Even in the things at which I’m reportedly supposed to be good, I’ve always managed to evade the uncomfortable glare of the number-one spotlight. For example, I’ve never won an award for writing, or for anything I’ve done in television, either, and I sure as hell knew I could never be number one on the golf course. Any time I won a tournament, I always felt as if I hadn’t played that well, that it must have been due to a bizarre set of coincidences in which no one else had played worth a crap that week.

But there is one thing of which I know I am the leading proponent, numero uno, chief wizard, head honcho, at which no one else can beat me, and all that stuff. I know some of you are guessing at this point, and yes, my stentorious ability to flatulize at will is the stuff of legend, but no, that’s not it. I am number one at knowing who is, and what are, the number ones in their genres.

For instance, Tchaikovsky’s first piano concerto is the best that he wrote, and Saint-Saëns’s fourth his, but for me, Chopin’s first and Rachmaninov’s third will always be in a rapturous tie for the top spot. Joseph Haydn wrote more than 105 symphonies, most of which are utter crap, and Antonin Dvorak completed only one cello concerto, which wins that category handily. I know it doesn’t seem fair, but that’s how life is. Charlie Parker was a heroin addict who, while chasing the dragon, abusing Benzedrine, and hustling his friends for money, found time to study Bach and Stravinsky, and service about four different females a day, yet his sweetness of tone and sense of timing was enough to make Dizzy Gillespie fall on his ass. And speaking of drug addicts, pretty much every classical writer and poet I was forced to read in school falls into that category, from Willie the Shake to Robert the Marley, to Percy Bysshe Shelley and the fat guy, Chris Farley.

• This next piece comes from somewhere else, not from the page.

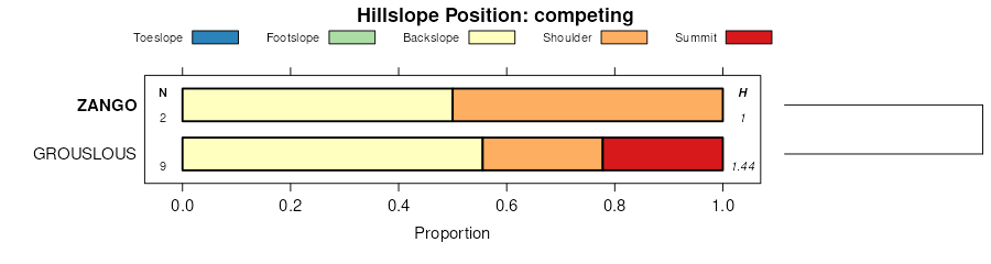 Geomorphic description summaries for the ZANGO series and competing. Series are sorted according to hierarchical clustering of proportions and relative hydrologic position within an idealized landform (e.g. top to bottom). Proportions can be interpreted as an aggregate representation of geomorphic membership. Most soil series (SSURGO components) are associated with a hillslope position and one or more landform-specific positions: hills, mountain slopes, terraces, and/or flats. The values printed to the left (number of component records) and right (Shannon entropy) of stacked bars can be used to judge the reliability of trends. Shannon entropy values close to 0 represent soil series with relatively consistent geomorphic association, while values close to 1 suggest lack thereof. Source: SSURGO component records .

I love poetry, but apparently it hates me…

But moving right along, Carl Hiaasen is my number-one fiction writer, and he has another new book out called Star Island, at which I can’t stop laughing, and I hate him, for by now it will be number one on the New York Times list, and I don’t know how he does it. Peter Kostis is the number one teacher of golf in the known universe, and not a lot of people know it, because he refuses (quite rightly) to teach most people, except when he’s doing his Konica Minolta biz-swingy-thingy hub, during which people who should be paying attention are generally not, in case they might actually learn something. I noticed that kind of thing while I “should have been trying harder” in school.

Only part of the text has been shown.